Women with a history of cervical intraepithelial neoplasia 2 or 3 arising from HPV infection appeared to have an increased risk for developing anal, vaginal and vulvar cancers, according to the results of a national cohort study.
Further, those risks persisted long term, often beyond 20 years.
Susanne Krüger Kjær
“The HPV vaccine is prophylactic, and if we can prevent HPV infection from occurring in the first place, we can prevent some of these conditions that result from persistent infection,” Susanne Krüger Kjær, MD, professor of gynecological cancer epidemiology at the Danish Cancer Society Research Center at Juliane Marie Centre of Copenhagen University Hospital in Copenhagen, Denmark, said in a press release.
Previous evidence has shown cervical intraepithelial neoplasia grades 2 and 3 (CIN2/3) — which develops due to high-risk HPV infection — increases risk for noncervical anogenital cancers; however, data on long-term risks for anal, vaginal and vulvar cancers had been lacking.
Kjær and colleagues evaluated data from more than 2.7 million women who were born between 1918 and 1990, and who lived in Denmark between 1978 and 2012. Researchers followed women until 2012, they emigrated, or they developed rectal or anogenital cancer.
The majority of women did not have history of CIN2/3 (n = 2,769,801), whereas 52,135 had a history of CIN2 and 104,155 had a history of CIN3.
Anal, vulvar and vaginal cancers developed in 66 women with a history of CIN2 and 293 women with a history of CIN3.
Results of an age-adjusted analysis showed women with a history of CIN2 had an increased risk for anal cancer (HR = 2.9; 95% CI, 2-4.1), vulvar cancer (HR = 2.5; 95% CI, 1.6-3.8) and vaginal cancer (HR = 8.1; 95% CI, 5.5-15). These risks were even greater in women with a history of CIN3 for anal cancer (HR = 4.2; 95% CI, 3.4-5), vulvar cancer (HR = 4; 95% CI, 3.2-4.9) and vaginal cancer (HR = 17.1; 95% CI, 12.8-22.9).
Neither cohort had an increased risk for rectal cancer.
Although the risks were highest the first year following CIN2/3 diagnosis, they appeared to persist long term.

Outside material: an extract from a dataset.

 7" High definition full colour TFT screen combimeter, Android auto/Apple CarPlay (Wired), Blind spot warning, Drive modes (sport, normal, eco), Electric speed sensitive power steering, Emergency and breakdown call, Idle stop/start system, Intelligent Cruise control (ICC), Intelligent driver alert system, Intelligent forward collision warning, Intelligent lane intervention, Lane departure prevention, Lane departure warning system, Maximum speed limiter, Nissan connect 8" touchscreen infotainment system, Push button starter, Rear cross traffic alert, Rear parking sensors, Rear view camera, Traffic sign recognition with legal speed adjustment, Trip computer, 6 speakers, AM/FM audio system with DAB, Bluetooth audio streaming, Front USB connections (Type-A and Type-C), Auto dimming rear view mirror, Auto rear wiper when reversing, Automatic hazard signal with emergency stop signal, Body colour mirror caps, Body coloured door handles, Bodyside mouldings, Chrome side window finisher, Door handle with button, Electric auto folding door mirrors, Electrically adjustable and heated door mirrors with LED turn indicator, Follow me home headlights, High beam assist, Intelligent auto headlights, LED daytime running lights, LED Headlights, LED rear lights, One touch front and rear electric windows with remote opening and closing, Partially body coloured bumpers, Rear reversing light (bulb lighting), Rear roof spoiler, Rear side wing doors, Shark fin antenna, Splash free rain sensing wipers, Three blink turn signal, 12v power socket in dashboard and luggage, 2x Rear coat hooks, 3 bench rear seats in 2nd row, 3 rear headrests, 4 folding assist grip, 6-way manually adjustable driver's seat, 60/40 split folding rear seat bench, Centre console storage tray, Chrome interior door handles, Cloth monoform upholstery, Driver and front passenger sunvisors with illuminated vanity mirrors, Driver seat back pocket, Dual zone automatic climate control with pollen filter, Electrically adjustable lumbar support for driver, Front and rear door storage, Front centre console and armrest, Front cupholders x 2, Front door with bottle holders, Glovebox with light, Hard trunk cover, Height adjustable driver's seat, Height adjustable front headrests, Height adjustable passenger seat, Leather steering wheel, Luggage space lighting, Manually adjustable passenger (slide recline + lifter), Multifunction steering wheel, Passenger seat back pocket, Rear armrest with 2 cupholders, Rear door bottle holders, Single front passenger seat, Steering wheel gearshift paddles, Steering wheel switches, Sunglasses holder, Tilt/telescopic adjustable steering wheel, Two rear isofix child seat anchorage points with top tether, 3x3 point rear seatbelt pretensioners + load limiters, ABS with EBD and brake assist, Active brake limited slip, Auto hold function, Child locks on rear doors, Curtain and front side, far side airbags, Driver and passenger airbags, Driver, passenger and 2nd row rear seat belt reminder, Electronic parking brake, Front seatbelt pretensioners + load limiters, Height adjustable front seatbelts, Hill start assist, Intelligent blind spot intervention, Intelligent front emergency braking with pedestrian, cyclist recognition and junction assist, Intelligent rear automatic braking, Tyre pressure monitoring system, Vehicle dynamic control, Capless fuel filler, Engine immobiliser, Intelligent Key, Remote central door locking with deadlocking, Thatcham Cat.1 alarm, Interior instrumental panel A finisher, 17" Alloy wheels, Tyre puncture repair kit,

Twenty-five years or more following CIN3 diagnosis, the HRs for risk were 4.8 (95% CI, 3.3-7) for anal cancer, 5.5 (95% CI, 2.4-12.3) for vaginal cancer and 3.2 (95% CI, 2-5.3) for vulvar cancer.
Women with a history of CIN2 also experienced prolonged risk, although to a lesser degree.

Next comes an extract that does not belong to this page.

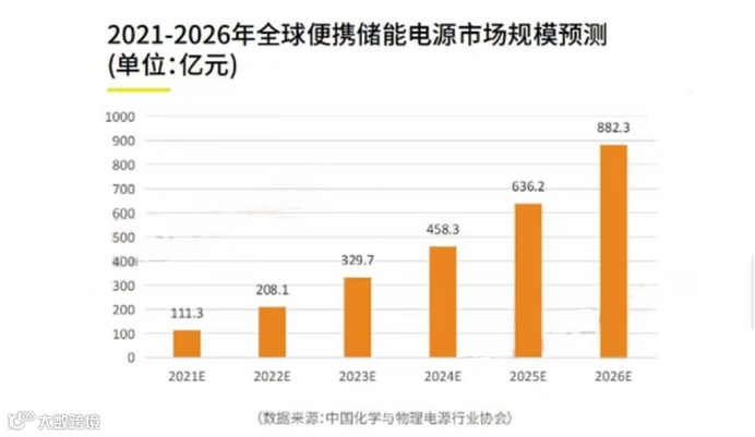 近年来,全球便携能源需求量不断攀升。据中国化学与物理电源行业协会数据显示,2021年全球便携储能电源市场达111.3亿元,预计2022年可达208.1亿元,到2026年可达8802.3亿元左右。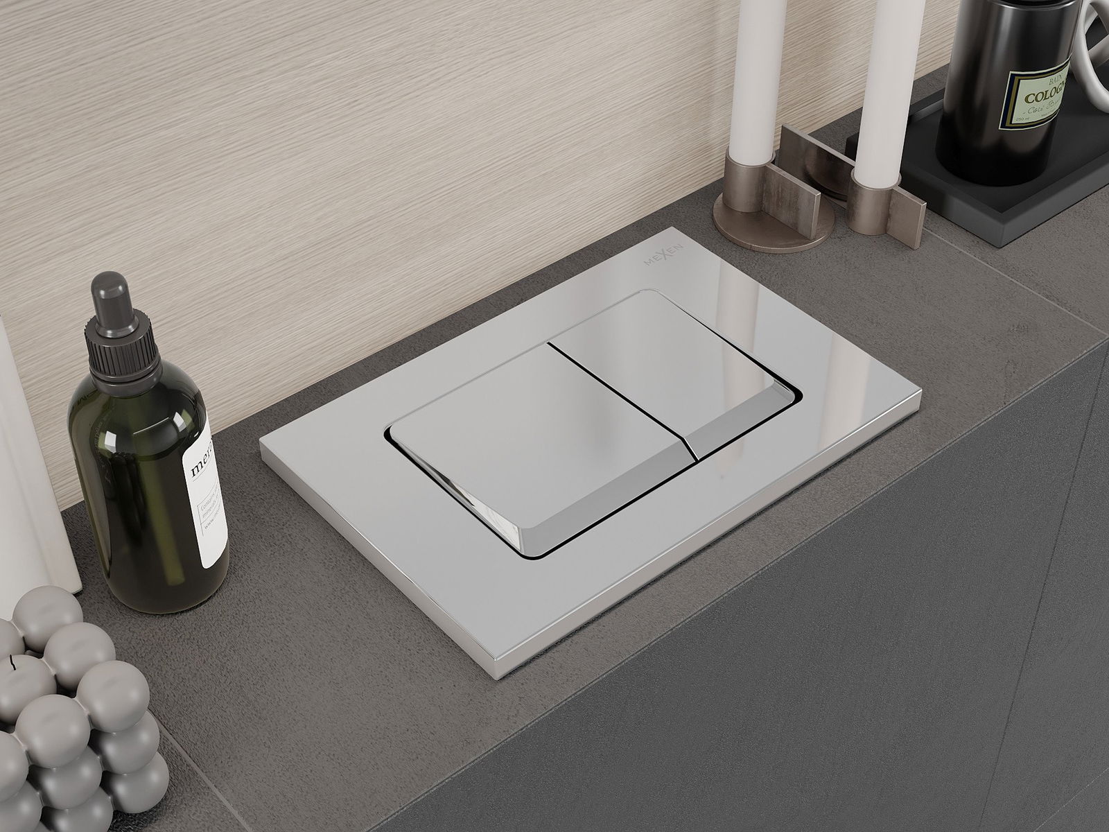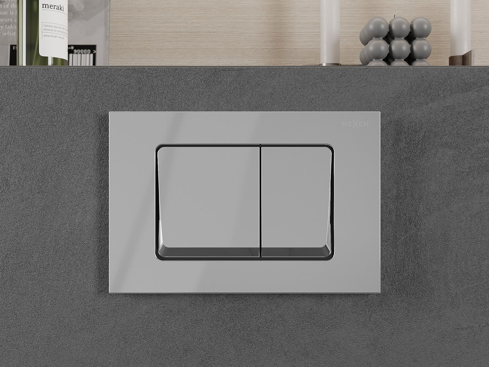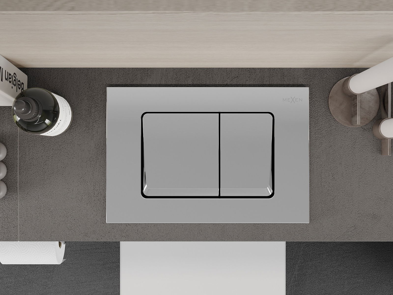 Vyplachovacie tlačidlo sa zmestí na snímky zo série Mexen Fenix XS, ktorá umožňuje nainštalovanie spredu aj z hornej časti rámu. Vďaka tomu je porovnávanie preferovanej montážnej metódy k vašim potrebám ešte jednoduchšie.

Twenty years or more following CIN2 diagnosis, the HR was 3.5 (95% CI, 2-5.9) for anal cancer and 2.6 (95% CI, 1.3-5.2) for vulvar cancer. Ten or more years following CIN2 diagnosis, the HR was 5 (95% CI, 2.2-11.2) for vaginal cancer.
“We had thought that perhaps the women with CIN3 were the ones who were being treated by doctors and, therefore, receiving more examination and consequently getting diagnosed with other cancers,” Kjær said in a press release. “But the risks persist for many years and, therefore, our findings cannot be explained by surveillance bias.”

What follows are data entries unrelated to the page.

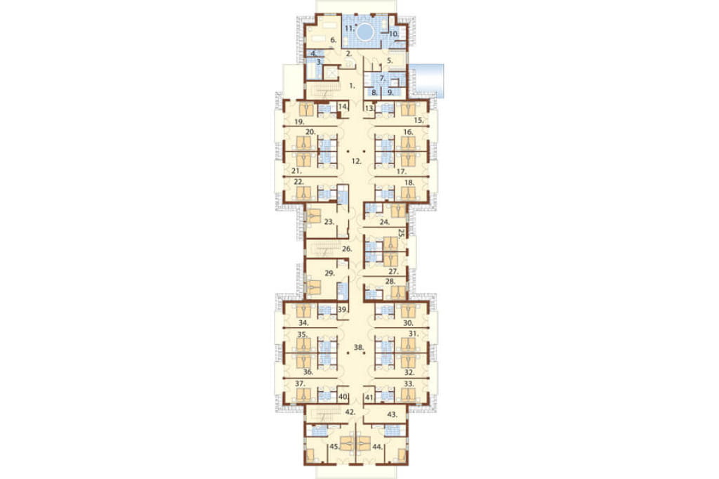 Na piętrze zorganizowano typową strefę mieszkalną. Zaplanowano tu aż dwadzieścia cztery podwójne pokoje z prywatnymi łazienkami i wyjściami na niewielkie balkoniki. Dodatkowo umieszczono tu strefę rekreacyjną tj. sauny, jacuzzi i gabinet SPA.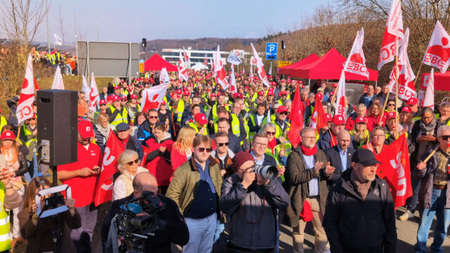 Ein buntes Meer aus Fahnen und Transparenten, dazu der Lärm von Trillerpfeifen und Ratschen: Die Hauptzufahrt zum Standort Behringwerke in Marburg, Werksteil Görzhausen, war am 4. März für mehrere Stunden dicht. Mehr als 3.000 Menschen haben dort ab 12:05 Uhr auf Aufruf der IGBCE demonstriert. Sie wehren sich gegen den permanenten Stellenabbau der Arbeitgeber am Standort. Innerhalb von acht Monaten haben sie mehr als 1.000 Arbeitsplätze vernichtet, und nun sollen Hunderte folgen.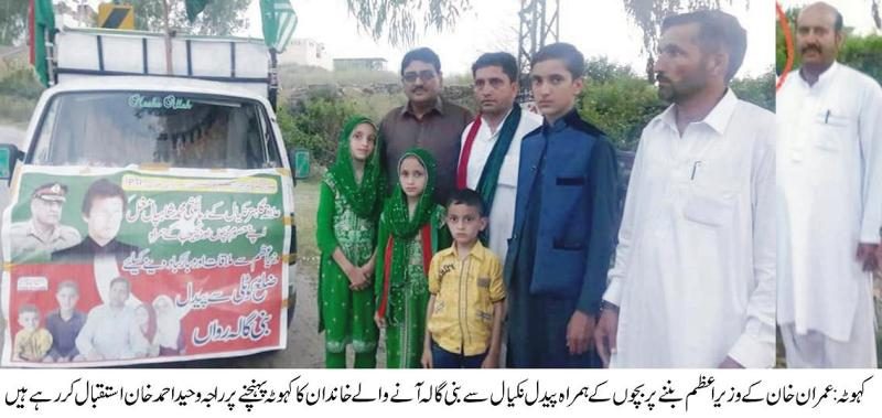 عمران خان کا وزیر اعظم بننے کی منت مانگنے والا شخص پیدل نکیال سے بنی گالہ روانہ ۔کہوٹہ پہنچنے پر پی ٹی آئی کے سینئر رہنماء راجہ وحید احمد خان نے استقبال کیا تفصیل کے مطابق نکیال کوٹلی آزاد کشمیر کا رہائشی شاہپال مغل نے منت مانگی تھی کہ اگر عمران خان وزیر اعظم بن جاہیں تو وہ اپنے خاندان سمیت پیدل بنی گالہ جائے گا ۔عمران خان کے وزیر اعظم بننے کے بعد شاہپال مغل اپنے بچوں کے ہمراہ پیدل بنی گالہ کی طرف سفر شروع کیا جس پر وہ آج کئی ہفتوں کے بعد کہوٹہ پہنچا جس کا کہوٹہ پہنچنے پر پی ٹی آئی کے سینئر رہنماء راجہ وحید احمد خان اور صحافی ملک عامر محمود نے استقبال کیااور ان کے جذبے کو سلام پیش کیا ۔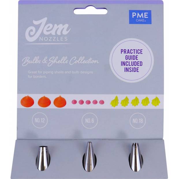 Tato 3dílná sada trysek profesionální kvality vám pomůže snadno vytvořit nádherně rozmanité a velkolepé dekorace pro vaše dorty a zákusky. Sada obsahuje: Trysku č. 12 - Trubkové žárovky a vedení. Skvělé pro použití s různými médii, jako je máslový krém; Tryska č. 6 - Trysky rovné a zvlněné s touto malou okrajovou tryskou; Tryska č. 18 - Trysky S a C pro různá provedení nebo zdobení kolem okraje.Snadné použití: Skvělé pro profesionálního nebo domácího pekaře. Nejlepších výsledků dosáhnete při použití s PME zdobícími vaky nebo spojkami. Vyrobeno z vysoce kvalitní bezešvé nerezové oceli. Umyjte je teplou mýdlovou vodou.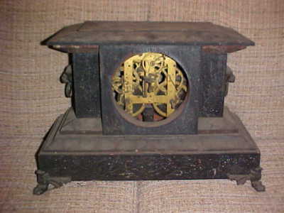 ANTIQUE WOODEN INGRAHAM MANTLE CLOCK, PARTS OR REPAIR

Researchers acknowledged that due to incomplete registration data, older women in the study may have had a CIN2/3 diagnosis that was not registered. Also, researchers did not have information on the HPV type in CIN2/3, and thus were unable to determine that HPV was the causal factor of subsequent cancers.
“High-risk HPV infection is an essential factor for the development of both CIN and certain anogenital cancers, and the presence of high-grade CIN is a good proxy for persistent high-risk HPV infection,” Kjær and colleagues wrote. – by Nick Andrews
Kjær reports speaker and advisory board fees and unrestricted research grants from Merck and Sanofi Pasteur MSD. One other researcher reports travel accommodations from Sanofi Pasteur MSD.